По мере того как Лахновский философствовал, красивые ярко-коричневые глаза Полины всё расширялись, расширялись. Она перестала моргать, она глядела на Лахновского так, будто увидела вдруг ореол над его головой. А может быть, ей и почудился в самом деле такой ореол. В груди её образовалась от восторга и благоговения какая-то пустота. Она, бросив тарелки, торопливо вытерла мокрые руки, качнулась к Лахновскому, упала перед ним на колени.
— Арнольдик! Ты не маленький человек, ты велик! — задыхаясь, воскликнула она, схватила горячими от воды руками его пальцы, начала их целовать. — Боже, какой ты человек!

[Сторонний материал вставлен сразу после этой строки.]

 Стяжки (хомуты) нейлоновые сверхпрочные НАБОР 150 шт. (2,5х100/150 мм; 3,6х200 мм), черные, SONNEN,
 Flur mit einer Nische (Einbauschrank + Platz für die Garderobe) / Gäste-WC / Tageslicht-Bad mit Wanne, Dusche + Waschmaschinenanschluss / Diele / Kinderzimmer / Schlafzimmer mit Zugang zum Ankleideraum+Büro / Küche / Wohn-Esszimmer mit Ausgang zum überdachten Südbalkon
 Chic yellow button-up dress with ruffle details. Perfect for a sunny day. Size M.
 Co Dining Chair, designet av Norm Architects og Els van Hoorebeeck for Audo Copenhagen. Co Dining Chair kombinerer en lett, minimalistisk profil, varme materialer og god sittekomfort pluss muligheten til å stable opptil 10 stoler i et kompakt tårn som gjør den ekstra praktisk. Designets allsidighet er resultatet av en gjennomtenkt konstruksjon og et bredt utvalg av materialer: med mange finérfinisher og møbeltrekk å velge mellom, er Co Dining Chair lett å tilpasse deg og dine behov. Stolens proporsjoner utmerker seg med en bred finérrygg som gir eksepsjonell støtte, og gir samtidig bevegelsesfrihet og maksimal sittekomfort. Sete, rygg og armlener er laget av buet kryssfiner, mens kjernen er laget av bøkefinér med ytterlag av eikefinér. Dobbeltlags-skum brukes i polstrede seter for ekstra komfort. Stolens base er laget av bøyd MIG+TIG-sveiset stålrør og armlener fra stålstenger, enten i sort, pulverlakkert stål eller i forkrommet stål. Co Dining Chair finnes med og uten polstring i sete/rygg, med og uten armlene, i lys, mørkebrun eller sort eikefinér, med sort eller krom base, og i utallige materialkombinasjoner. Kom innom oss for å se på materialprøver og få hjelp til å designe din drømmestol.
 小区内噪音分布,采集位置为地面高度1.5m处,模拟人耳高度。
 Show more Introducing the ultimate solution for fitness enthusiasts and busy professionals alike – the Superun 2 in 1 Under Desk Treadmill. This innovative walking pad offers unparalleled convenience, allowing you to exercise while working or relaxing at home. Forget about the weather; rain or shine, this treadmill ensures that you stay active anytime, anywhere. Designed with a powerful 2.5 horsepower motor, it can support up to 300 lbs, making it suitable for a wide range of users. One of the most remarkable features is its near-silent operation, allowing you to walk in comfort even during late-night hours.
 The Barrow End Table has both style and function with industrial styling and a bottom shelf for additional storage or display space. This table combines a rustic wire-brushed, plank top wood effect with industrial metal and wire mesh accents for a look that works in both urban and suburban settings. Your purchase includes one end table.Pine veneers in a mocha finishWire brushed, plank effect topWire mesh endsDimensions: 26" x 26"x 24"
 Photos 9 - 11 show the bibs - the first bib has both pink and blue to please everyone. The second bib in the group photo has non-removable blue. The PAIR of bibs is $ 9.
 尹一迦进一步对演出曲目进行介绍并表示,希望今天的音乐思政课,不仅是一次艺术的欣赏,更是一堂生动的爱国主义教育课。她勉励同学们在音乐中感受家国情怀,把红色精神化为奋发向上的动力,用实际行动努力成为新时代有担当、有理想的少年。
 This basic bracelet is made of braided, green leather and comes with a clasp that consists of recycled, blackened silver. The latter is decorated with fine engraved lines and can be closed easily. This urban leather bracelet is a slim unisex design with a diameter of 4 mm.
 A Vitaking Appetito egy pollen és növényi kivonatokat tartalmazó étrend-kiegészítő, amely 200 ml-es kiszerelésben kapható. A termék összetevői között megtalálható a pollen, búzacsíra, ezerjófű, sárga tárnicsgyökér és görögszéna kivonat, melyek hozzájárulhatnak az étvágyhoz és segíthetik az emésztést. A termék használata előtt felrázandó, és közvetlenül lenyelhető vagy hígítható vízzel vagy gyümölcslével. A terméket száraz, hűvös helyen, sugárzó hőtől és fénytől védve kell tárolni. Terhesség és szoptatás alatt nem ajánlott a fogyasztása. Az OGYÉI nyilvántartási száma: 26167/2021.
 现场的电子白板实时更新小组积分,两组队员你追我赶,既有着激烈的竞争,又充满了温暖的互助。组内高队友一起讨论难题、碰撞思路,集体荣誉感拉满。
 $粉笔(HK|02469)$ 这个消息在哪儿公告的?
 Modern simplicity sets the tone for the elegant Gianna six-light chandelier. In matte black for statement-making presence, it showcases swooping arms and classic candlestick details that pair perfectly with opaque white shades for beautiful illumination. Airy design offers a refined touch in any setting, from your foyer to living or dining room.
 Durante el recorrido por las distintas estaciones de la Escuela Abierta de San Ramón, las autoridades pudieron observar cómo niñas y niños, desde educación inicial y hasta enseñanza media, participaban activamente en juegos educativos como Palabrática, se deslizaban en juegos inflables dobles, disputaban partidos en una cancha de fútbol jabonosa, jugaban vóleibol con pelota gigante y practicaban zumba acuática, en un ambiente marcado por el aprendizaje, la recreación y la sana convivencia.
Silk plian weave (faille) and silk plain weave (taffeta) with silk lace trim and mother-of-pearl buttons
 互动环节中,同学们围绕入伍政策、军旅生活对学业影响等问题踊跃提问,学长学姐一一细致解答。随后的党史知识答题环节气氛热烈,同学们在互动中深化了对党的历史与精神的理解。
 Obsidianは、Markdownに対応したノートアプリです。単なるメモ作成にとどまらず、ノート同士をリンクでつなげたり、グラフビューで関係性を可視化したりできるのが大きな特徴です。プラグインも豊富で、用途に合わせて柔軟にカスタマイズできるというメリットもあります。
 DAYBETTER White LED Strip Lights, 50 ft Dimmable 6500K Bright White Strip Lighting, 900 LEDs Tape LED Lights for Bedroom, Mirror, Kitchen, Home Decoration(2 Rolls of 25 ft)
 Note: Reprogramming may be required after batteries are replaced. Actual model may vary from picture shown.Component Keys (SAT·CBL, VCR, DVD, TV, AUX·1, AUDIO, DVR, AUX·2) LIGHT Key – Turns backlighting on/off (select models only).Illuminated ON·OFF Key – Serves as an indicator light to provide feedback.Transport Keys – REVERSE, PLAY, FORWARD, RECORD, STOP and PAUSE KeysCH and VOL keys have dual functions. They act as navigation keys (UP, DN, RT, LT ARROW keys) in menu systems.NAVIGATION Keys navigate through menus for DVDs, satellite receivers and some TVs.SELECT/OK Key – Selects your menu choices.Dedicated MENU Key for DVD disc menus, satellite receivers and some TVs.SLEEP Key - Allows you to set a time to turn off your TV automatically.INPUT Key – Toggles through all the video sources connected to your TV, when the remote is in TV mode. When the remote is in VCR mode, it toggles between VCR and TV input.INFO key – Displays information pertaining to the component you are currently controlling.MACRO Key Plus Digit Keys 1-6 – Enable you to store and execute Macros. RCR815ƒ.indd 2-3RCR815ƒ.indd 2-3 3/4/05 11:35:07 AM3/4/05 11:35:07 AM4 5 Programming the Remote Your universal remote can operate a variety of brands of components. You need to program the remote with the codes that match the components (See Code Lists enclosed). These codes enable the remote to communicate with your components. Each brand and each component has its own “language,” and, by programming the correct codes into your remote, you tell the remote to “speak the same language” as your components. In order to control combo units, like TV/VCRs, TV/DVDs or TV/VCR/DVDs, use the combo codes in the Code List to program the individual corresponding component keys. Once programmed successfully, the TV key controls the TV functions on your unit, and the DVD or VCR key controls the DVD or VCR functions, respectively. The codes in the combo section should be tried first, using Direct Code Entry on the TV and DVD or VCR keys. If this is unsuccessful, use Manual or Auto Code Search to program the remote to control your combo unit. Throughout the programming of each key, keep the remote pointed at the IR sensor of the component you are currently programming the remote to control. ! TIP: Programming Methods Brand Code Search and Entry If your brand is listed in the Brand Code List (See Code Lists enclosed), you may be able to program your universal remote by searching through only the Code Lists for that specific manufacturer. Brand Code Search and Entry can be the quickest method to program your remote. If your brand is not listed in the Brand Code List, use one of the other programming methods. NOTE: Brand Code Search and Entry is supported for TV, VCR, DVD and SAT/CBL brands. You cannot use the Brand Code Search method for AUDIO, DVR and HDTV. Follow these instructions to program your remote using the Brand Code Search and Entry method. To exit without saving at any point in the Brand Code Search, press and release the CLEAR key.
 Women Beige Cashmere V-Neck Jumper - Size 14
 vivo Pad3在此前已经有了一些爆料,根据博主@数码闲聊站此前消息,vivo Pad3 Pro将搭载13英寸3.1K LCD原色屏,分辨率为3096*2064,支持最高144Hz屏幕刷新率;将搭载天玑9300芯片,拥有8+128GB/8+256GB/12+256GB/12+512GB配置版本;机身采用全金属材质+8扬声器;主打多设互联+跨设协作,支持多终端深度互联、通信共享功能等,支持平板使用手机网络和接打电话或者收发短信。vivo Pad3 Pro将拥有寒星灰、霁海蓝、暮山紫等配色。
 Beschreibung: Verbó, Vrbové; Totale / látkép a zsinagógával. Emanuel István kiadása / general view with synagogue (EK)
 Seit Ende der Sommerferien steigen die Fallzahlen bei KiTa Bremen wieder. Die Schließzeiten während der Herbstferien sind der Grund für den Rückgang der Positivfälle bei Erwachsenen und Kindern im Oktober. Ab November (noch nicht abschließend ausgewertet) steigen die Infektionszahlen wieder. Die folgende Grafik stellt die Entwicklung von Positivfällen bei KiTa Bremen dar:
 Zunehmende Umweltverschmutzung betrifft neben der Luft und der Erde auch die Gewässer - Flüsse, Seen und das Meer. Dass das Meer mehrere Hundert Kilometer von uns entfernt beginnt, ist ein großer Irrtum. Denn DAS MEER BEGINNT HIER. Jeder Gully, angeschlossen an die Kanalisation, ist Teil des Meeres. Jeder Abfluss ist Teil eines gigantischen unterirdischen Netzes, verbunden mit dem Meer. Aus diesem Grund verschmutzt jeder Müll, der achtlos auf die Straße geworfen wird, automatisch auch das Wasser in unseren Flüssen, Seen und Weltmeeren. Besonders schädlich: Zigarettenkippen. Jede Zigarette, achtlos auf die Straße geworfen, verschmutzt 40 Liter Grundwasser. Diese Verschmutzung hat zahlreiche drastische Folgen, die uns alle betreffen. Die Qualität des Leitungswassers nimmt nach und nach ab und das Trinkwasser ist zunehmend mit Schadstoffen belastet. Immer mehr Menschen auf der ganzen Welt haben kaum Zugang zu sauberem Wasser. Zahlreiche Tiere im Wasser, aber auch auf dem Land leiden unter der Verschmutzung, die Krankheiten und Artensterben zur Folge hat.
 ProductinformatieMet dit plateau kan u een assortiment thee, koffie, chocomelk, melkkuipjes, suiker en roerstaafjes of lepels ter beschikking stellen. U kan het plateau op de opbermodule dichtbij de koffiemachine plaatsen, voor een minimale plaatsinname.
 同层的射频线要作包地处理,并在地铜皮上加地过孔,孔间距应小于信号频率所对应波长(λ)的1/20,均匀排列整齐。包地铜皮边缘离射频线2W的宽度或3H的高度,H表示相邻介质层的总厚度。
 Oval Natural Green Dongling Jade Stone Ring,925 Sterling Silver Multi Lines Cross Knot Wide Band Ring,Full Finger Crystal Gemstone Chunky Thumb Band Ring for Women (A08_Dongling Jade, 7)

Что я ещё могу для тебя?! Что могу?
Лахновский поморщился от этого неуместного и пошлого эмоционального взрыва, тихонько отстранил её и встал.
— Вот так, Полина. Отец твой действительно был трус, ничтожество. Его жена, а твоя мать… открыто была моей любовницей, а он даже не имел смелости и вида подать, что знает…
— Она недостойна тебя, Арнольдик! — с жаром воскликнула Полина. — Она стара, как заезженная кобыла!
Даже он, циник Лахновский (каковым он в душе сознавал себя и считал это вовсе не пороком, а профессиональным достоинством), при этих словах удивлённо поглядел на молодую женщину и брезгливо скривил губы. Он хотел возразить, что мать её не всегда была старой и заезженной кобылой, но вместо этого, расхаживая по комнате, заговорил:
— Мир в конечном счёте прост. Есть властелины, есть рабы. Властелинов не много, рабов — тучи. Так было всегда — при фараонах, султанах, царях. Так будет и впредь. Так богом установлено. И какие бы время от времени катаклизмы в обществе ни происходили, всё вернётся на извечный свой круг. И наша борьба поэтому, в том числе и мои скромные усилия, исторически закономерна и справедлива.
Произнеся это, Лахновский остановился, сам удивляясь своим словам. Вон до каких философских глубин он дошёл! И, веря в истинность и правоту своих рассуждений, ощутив вдруг потребность в таких рассуждениях, продолжал, вышагивая по комнатушке:
— А закономерность и есть закономерность. Она наступает неотвратимо… Сколько было в тысячелетней истории России всяческих так называемых народных восстаний и бунтов? Ну, скажем, как его? Болотников, Разин, Пугачёв… Или девятьсот пятый год?! А чем кончилось? Зачинщиков в конце концов сажали в клетки, принародно отрубали головы, вешали, расстреливали. И жизнь входила в извечную колею… А на Западе, там, за границей, сколько было революций, которые вроде бы побеждали?! Но сейчас какова картина? Всё осталось по-прежнему. И революцию семнадцатого года ждёт такой же конец. Не сумеют они её защитить, потому что нечем. Эта толпа, следуя беспрерывным призывам Ленина, хочет построить какое-то новое государство. Не удастся, не сумеют они его построить. Управлять всяким государством могут только высокообразованнейшие люди. Ну что ж, в конце концов такие люди и окажутся на всех главных, ключевых постах… пусть даже вновь созданного государства. Но это будут наши люди. Сейчас, после смерти их главаря, этого Ленина, такая благоприятная возможность открывается. И есть в России человек, настоящий лидер и вождь, высокоэрудированный, закалённый в политических битвах, человек благороднейших мыслей и смелых действий…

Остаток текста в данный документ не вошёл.